Collagen supplements are popular, but they’re not a well-rounded source of amino acids. Collagen is made primarily of three amino acids: glycine, proline, and hydroxyproline. It lacks several essential amino acids, so it cannot replace a complete protein source. Your body also can’t absorb collagen in its whole form. It breaks collagen down into individual amino acids during digestion, then uses those amino acids wherever they’re needed, not necessarily to rebuild collagen in your skin or joints.

How Much You Need

Amino acid requirements shift across your lifespan. Healthy adults need roughly 36 mg of lysine per kilogram of body weight per day, 4 mg of tryptophan, and about 13 mg of methionine. For a 70 kg (154 lb) person, that translates to about 2.5 grams of lysine daily. These needs increase during late pregnancy, when lysine requirements jump to around 50 mg per kg per day and phenylalanine needs more than double.

Older adults face a notable shift in leucine requirements.
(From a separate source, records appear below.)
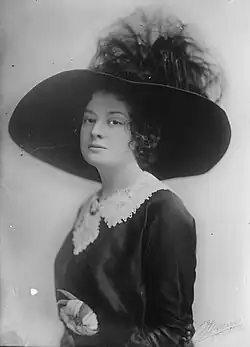 In 1908, Bayes married fellow performer Jack Norworth, and the couple became media celebrities. They performed together, and were credited with co-writing the hit song "Shine On, Harvest Moon", included in the Ziegfeld Follies of 1908, along with several other songs in the show.[4] Bayes was the star performer, commanding a much higher salary than Norworth, and sometimes challenging the authority of theatre managers and promoters. She walked out of the Ziegfeld Follies of 1909 because of a disagreement with Ziegfeld over the billing of a rising new star named Sophie Tucker; Ziegfeld then sued Bayes for breach of contract, which prevented her performing in other theatres for several months.[1]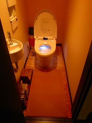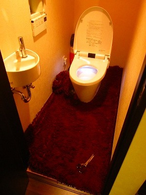 明かりで誤魔化していますが実は酷いトイレなんですよ。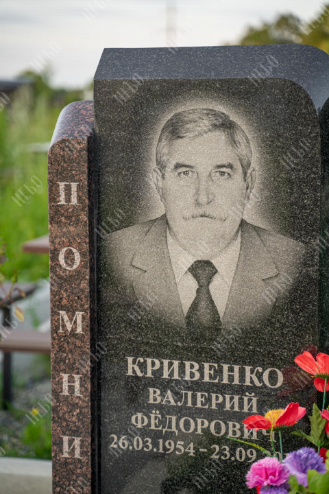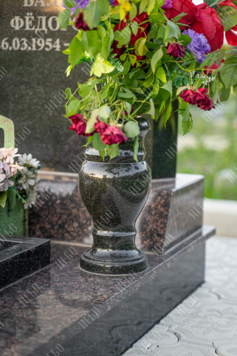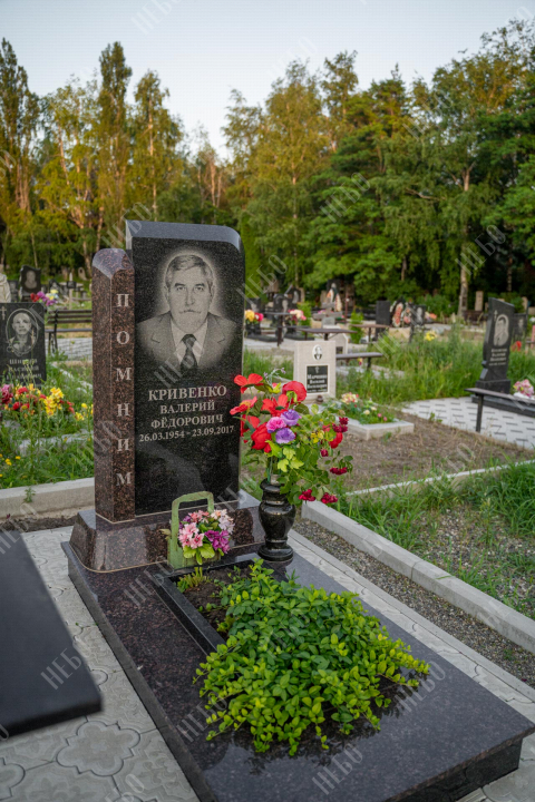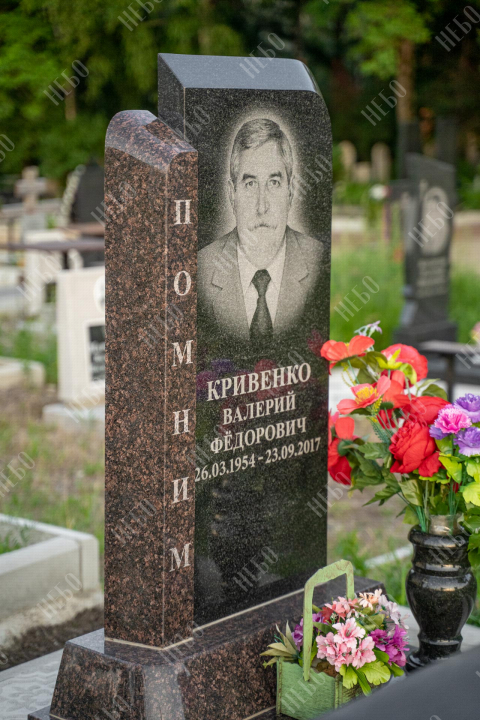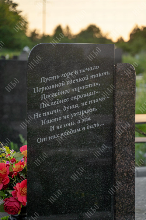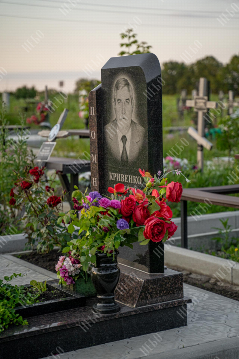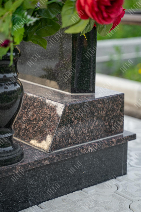 Памятник без креста с вертикальной стелой и открытым надгробием выполнен в классических темных оттенках. Стела имеет дополнительный декоративный элемент в виде вертикального столба контрастного оттенка с гравировкой. Контур памятника имеет скошенные углы, что придает ритуальному изделию индивидуальность. Открытое надгробие позволяет использовать его поверхность для высадки цветов или других растений. При изготовлении памятника специалисты тщательно прорабатывают соотношение форм, размеров и нагрузку, чтобы исключить деформации и искажения изделия со временем.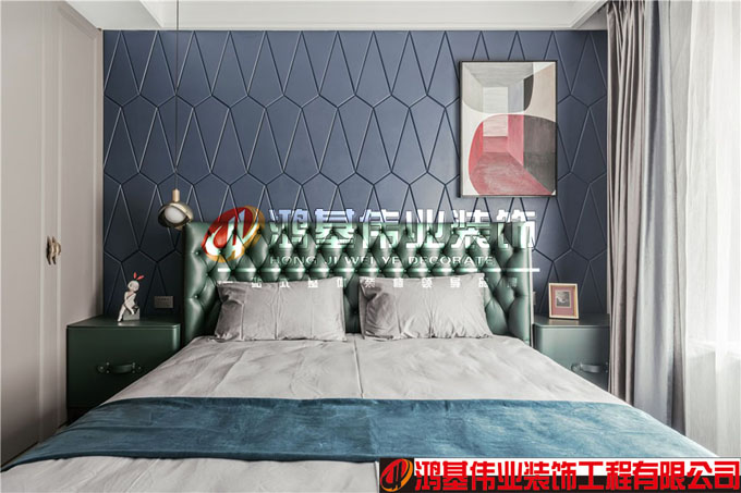 主臥,藍(lán)色為基調(diào),黑白灰紅四色藝術(shù)掛畫的出現(xiàn),很好的緩解了大面積藍(lán)色帶來(lái)的視覺(jué)疲勞,整個(gè)空間呈現(xiàn)出一種自帶濾鏡的高級(jí)色調(diào),優(yōu)雅而迷人。有趣的靈魂也需契合之物裝扮,走心醞釀出的精妙為浪漫代言。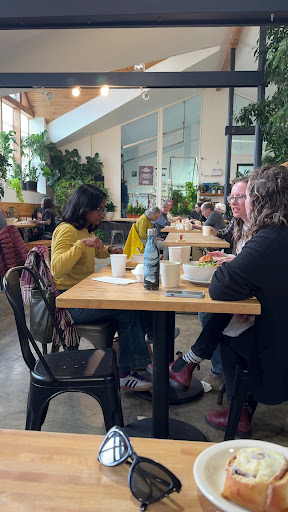 Nice staff, great space with high ceilings and lots of natural light, vegan options . Had the ham sandwich and garden salad. The portions were small, but the taste was exceptional and worth it! The sandwich is built on a biscuit, served piping hot with carved ham, a little honey muistard aioli and smoked cheddar. The salad had very fresh greens with ricotta and a tasty vinaigrette with hints of ginger. Very enjoyable food. Shared some almond chocolate cake for dessert. The cake was delicious and not too sweet, the almond flavour was baked throughout the cake. Two minor improvements I'd like to see would be some noise dampening and better coffee. Sorry, the coffee today was bitter and had no real flavor. I'm sure a small tweak will fix that. Maybe it was an off day. Would go back again. Looking forward to the salads later in the summer when the freshest produce...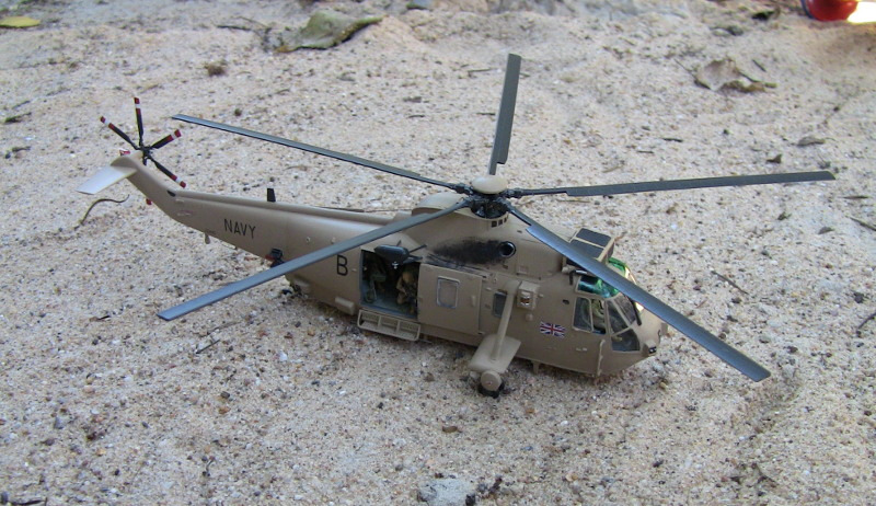 Lackiert habe ich den Sea King – wie zu sehen – in Wüstentarnung. Das Schema mit den großen britischen Identifikationsflaggen ist fiktional.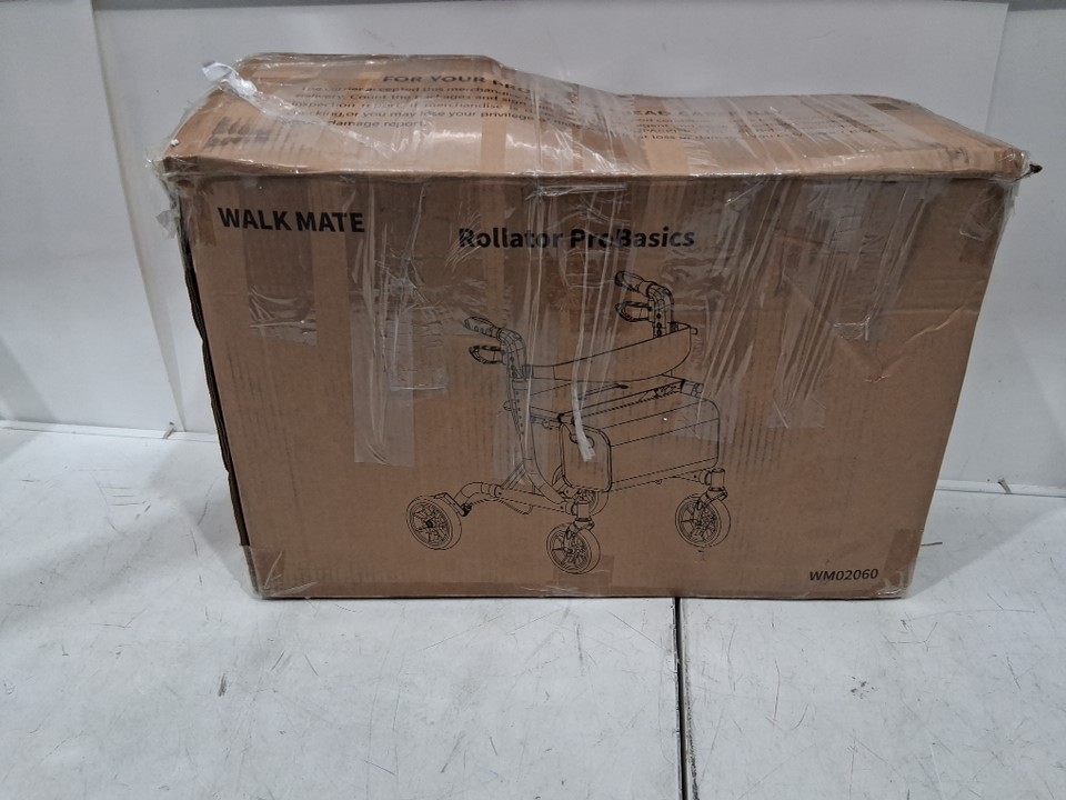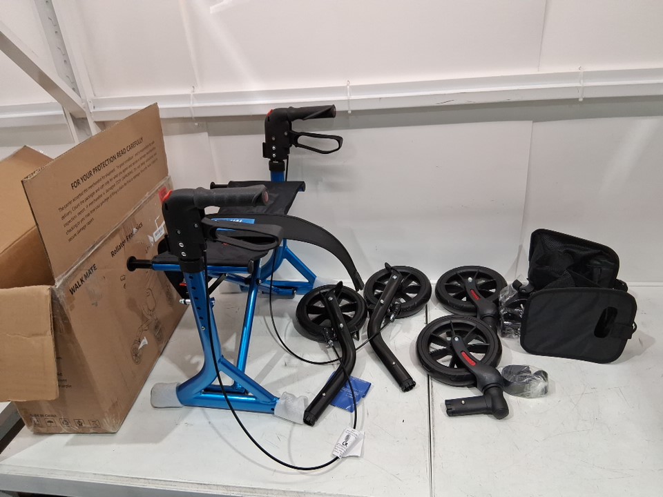 WALK MATE Folding Lightweight Rollator Walker with Seat and Padded Backrest - 300LBS Cap - Blue (MODEL: WM02060)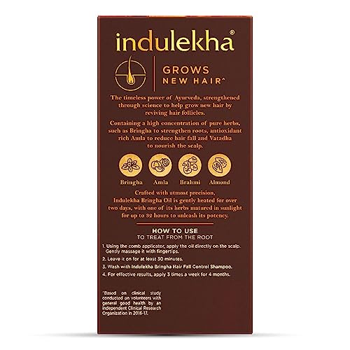Indulekha Bringha Oil is an Ayurvedic proprietary medicine recommended for the regulation of hair and scalp conditions like hairfall dandruff etc. The excellent action of Indulekha Bringha oil is due to the actions of its ingredients and the special manufacturing procedure of the base oil.During the production of Indulekha Bringha Oil the Swethakutaja leaves are dipped in pure coconut milk oil (prepared by cold process technology). This prolonged blending process helps to extract the entire medicinal quality of the leaves and thus makes it an effective ingredient of Indulekha Bringha Oil.Active ingredients along with the base oil create an excellent combination that is extremely beneficial for hair. Aloe vera contains enzymes which repairs dead skin cells on the scalp. It promotes hair growth prevents itching on the scalp reduces dandruff and conditions your hair. it rejuvenates the hair with its own nutrients giving it more elasticity and preventing breakage. Neem helps to treat these conditions of hair and cleanse the scalp for healthy hair growth. Bringharaj helps to improve hair growth and colour. Its extracts rejuvenates hair keeping the hair lustrous dark and healthy. It also helps to nurture and condition hair. Amla is the richest source of Vitamin C. It helps maintain youthful hair color and retards premature graying and supports the strength of the hair follicles. Virgin coconut oil is extracted by the cold compression method. It is higher in vitamin content minerals fragrance and even the amount of protein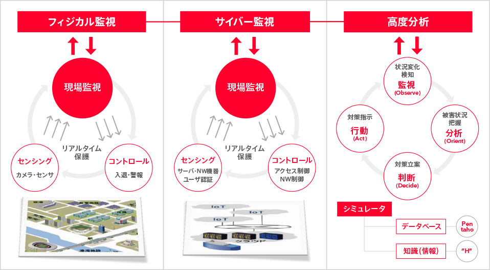 サイバー/フィジカルセキュリティを統合した監視を行い、それらから得られたデータを高度分析、これにもとづいた判断・行動を行うことで、継続的にセキュリティを強化できます。日立はその基盤となるIoTプラットフォームを「Lumada」として体系化。また計開発から運用保守までを一括して受託できる体制も整備し、サイバー攻撃へのお客さまの対応力向上を強力に支援します。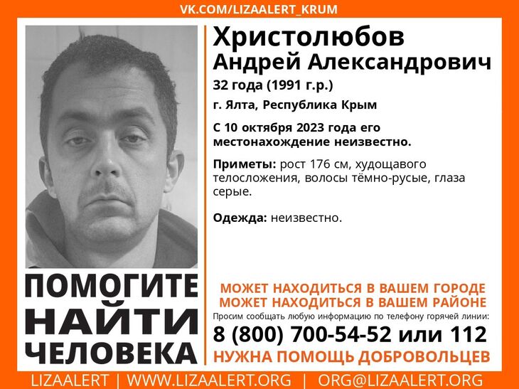 Волонтёры крымского отделения поискового отряда «Лиза Алерт» в Ялте разыскивают 32-летнего Андрея Христолюбова, чьё местонахождение неизвестно с 10 октября этого года.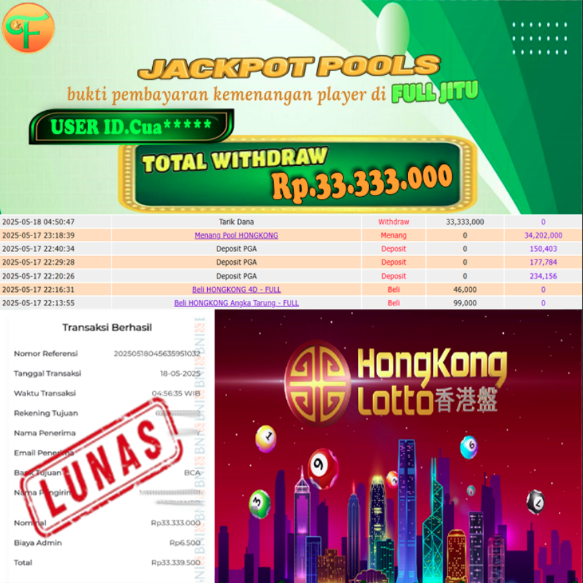 Kami mengucapakan banyak Terima Kasih Kepada pemenang karena sudah mempercayakan kami sebagai Bandar Tepercaya yang membayar semua kemenangan member hingga lunas.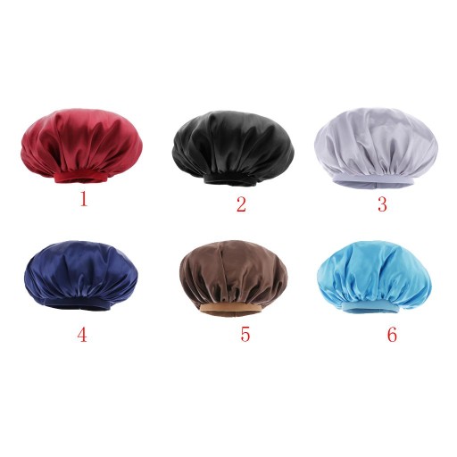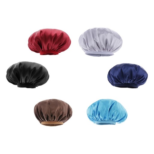 Атласная спальная шапочка с широкой эластичной повязкой на голову.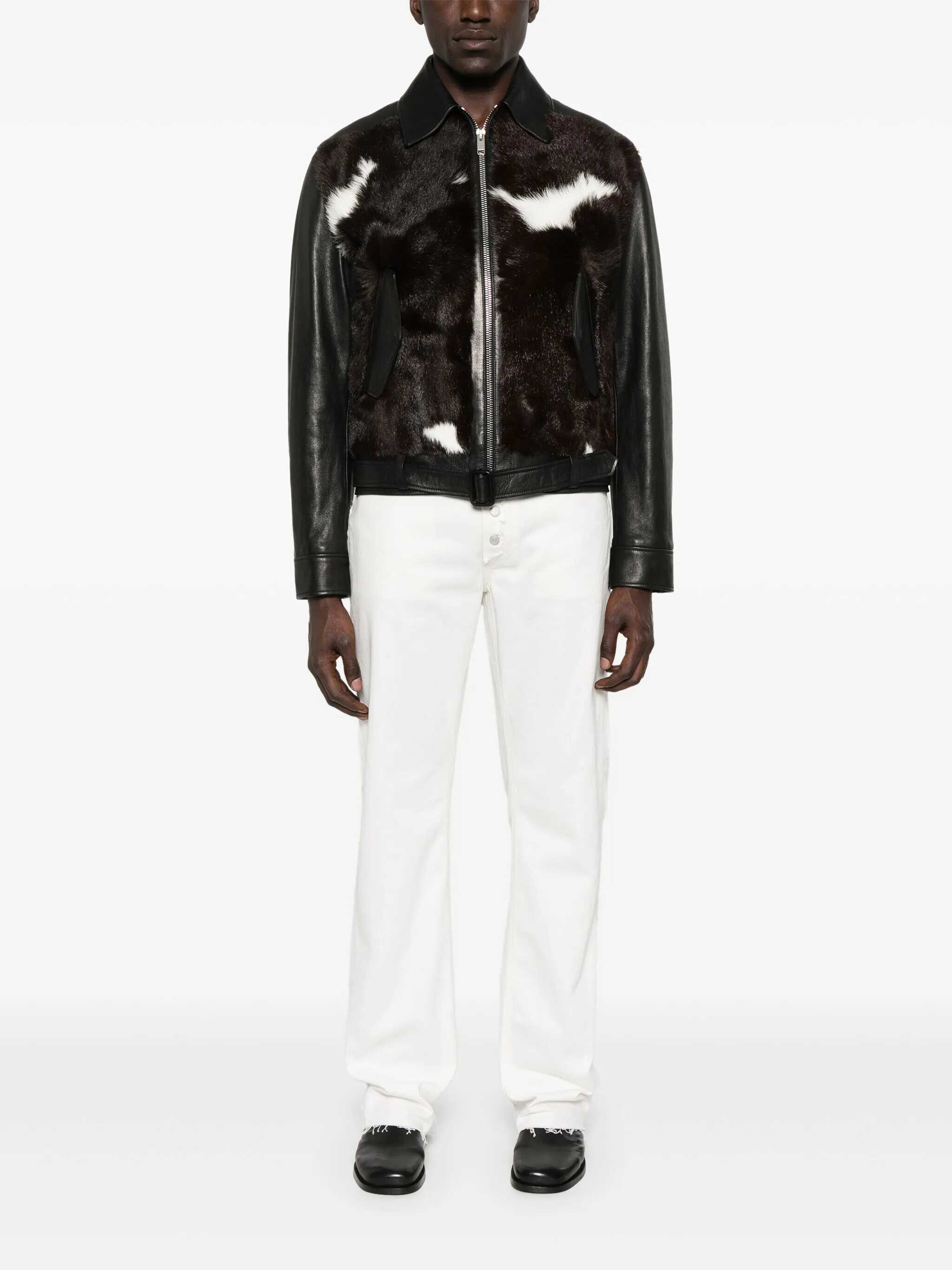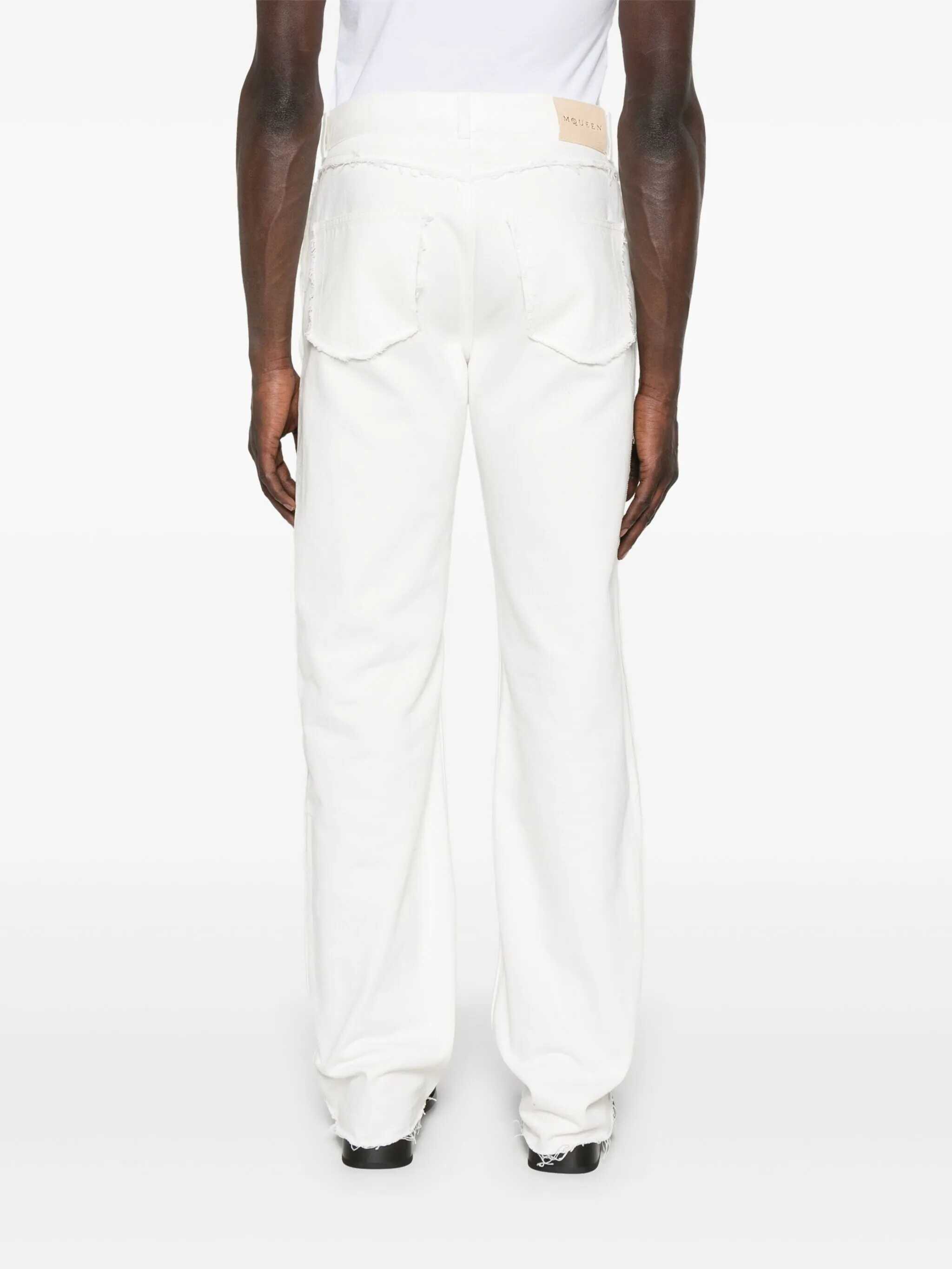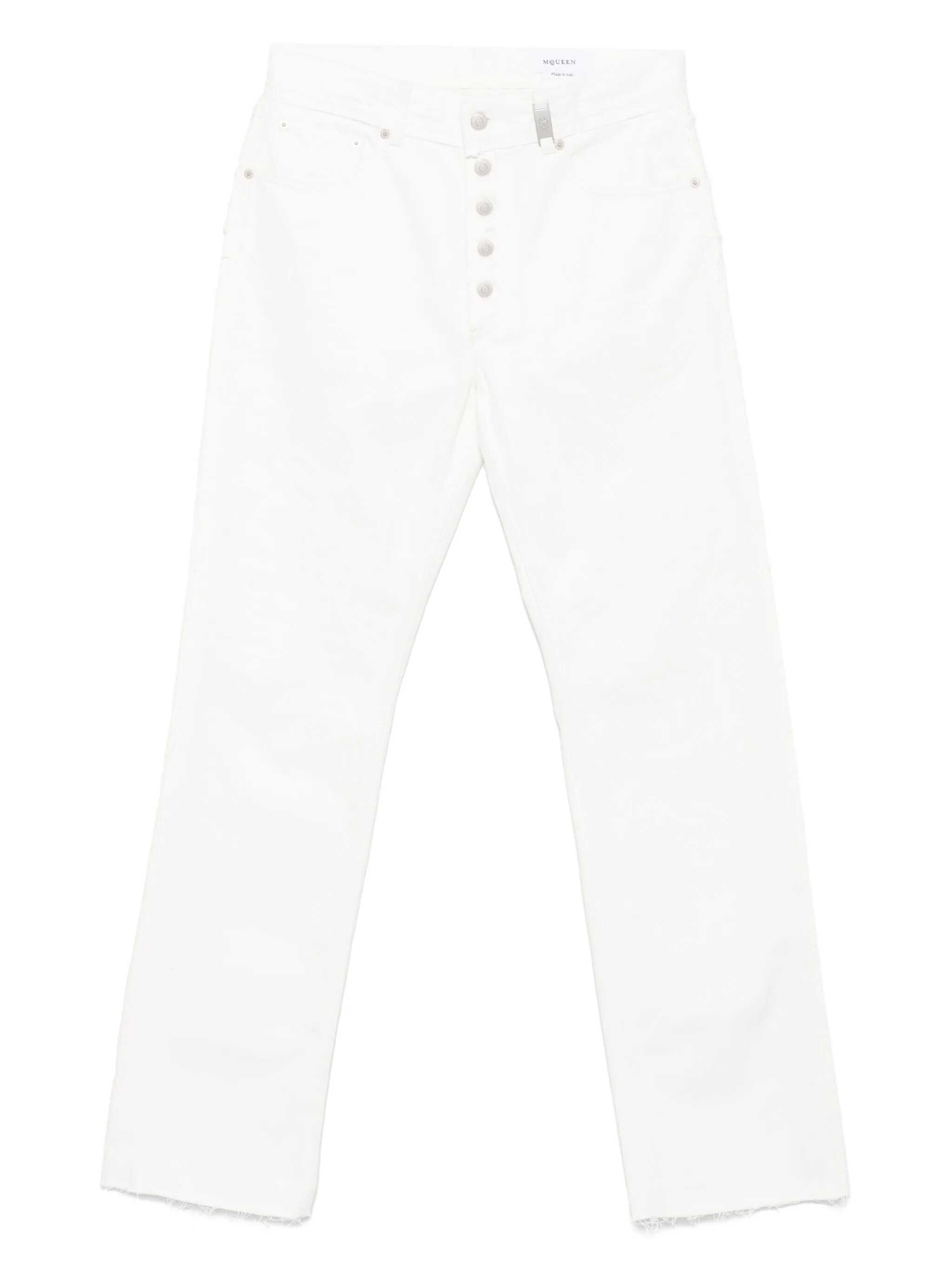 Alexander McQueen straight-leg jeans crafted from white cotton denim with raw-cut edges. Featuring a front closure with metal buttons, belt loops, and a leather logo patch on the back. The design is completed by a metal plate with an engraved Skull detail on the front belt loop.

Young men need about 39 mg of leucine per kg per day, while men and women over 60 need roughly double that, around 78 mg per kg per day. This is one reason older adults benefit from prioritizing protein-rich foods and distributing protein intake evenly across meals rather than loading it into dinner.

For most people eating a varied diet with adequate calories, hitting these targets happens naturally. The groups most at risk for falling short are those on very restricted diets, people recovering from surgery or illness, and older adults who eat less overall.